あちらがどう思っているかはわからないけれど、ナディアはアルティリエを一番の友達だと思っているのだ。
そのアルティリエの初めての夜会である。しっかりもののアルティリエのことだから大丈夫だと思うが、何かあったときはできるだけ自分がフォローするという心づもりをしているのだ。

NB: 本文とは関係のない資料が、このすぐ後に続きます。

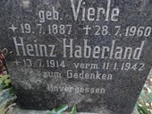 vermisst; privates Einzelgedenken; im Datenbestand des VDK ist ein Heinz Haberland, geboren am 13.07.1915 seit dem 01.01.1942 vermisst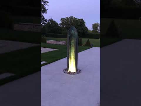 The client wanted the sound of flowing water so we created a water feature . The lighting looks dramatic and creates a flame like glow when the water hits the pool.

(とりあえず、レナーテと今日のガウンの色がかぶらなくてよかった)
赤い髪に似合うガウンの色はそれほど多くない。
よく似ている自分たちが同じ色のガウンを着たら、間違いなく自分はただの引き立て役だ。年の差だけの違いとはいえぬほど、自分たちの体形には差異がある。
「とっても、とっても、素晴らしかったですわ」
よほど感動したのだろう。レナーテは手を祈りの形に握り、目を輝かせている。
「……昼餐会だったわよね?」
その感動が何によるものかよくわからなかったナディアは首を傾げた。
「ええ。……あんなにもおいしいお料理をいただいたのは初めてです」
うっとりとため息をつく。
「お料理?」
「はい。最初の食前酒から始まり、最後のデザートに至るまで、それはもう計算されつくされた素晴らしいお料理でした……まるで音楽のようでしたの」
「音楽?……お料理が?」
「はい。計算されつくされた味のハーモニー……料理の数々に込められたテーマも素晴らしかった……」
ほぉと漏らされた吐息は、どこか甘さが滲んでいる。
「レナーテの言っている意味はよくわからないけれど、おに…王太子殿下の宮のお菓子はすごくおいしいのよ。ルティが……アルティリエ妃殿下がとてもお料理に造詣が深いから」
「ええ。デザートにいただいたプディングがそれはそれはおいしくて……。あの濃厚でありながら優しい甘さ……口の中でとろける舌ざわり……それからわずかに甘いブランデーの味を感じるほろ苦さ……あれはもしや神のデザートなのではありますまいか」
「……ちょっと大げさじゃないかしら。確かにプディングは最高だと思うけど」
アルティリエと二人でナディアのスクラップカードコレクションを見ながら、三つも食べて夕食が入らなかった日のことを思い出した。
「ナディア様は、プディングを召し上がったことが?」
「勿論。ル……アルティリエ妃殿下のお招きで、王太子妃宮ではよくお茶をしたし、後宮にお移りになってからも二人でお茶会をしているの」
ちょっとだけ自慢げな響きで言ってしまったが、レナーテはナディアが思う以上にそれに食いついた。
「なんて、羨ましい」
「え?」
「私、これまで誰かを羨ましいと思ったことは一度もございませんでしたが、今、初めてナディア様を羨ましく思います」
(これ、もしかして私、貶されているのかしら?)
「こうなったら、私も奥の手を使って後宮に入るべきですね」
「え?」
「私、ずっと父から打診されておりまして」
「何を?」
「後宮への出仕をです」
「出仕って……それって……」
あと一月足らずで即位する王太子ナディルの妃の座は一つしか埋まっていない。
そして、アルハン公爵令嬢であるレナーテは正妃になる資格がある。
「ナディア様はご存知ありませんでした? 妃殿下と婚姻前の王太子殿下の最も有力な婚約者候補は私でしたのよ」
レナーテは、少し恥ずかしそうに笑った。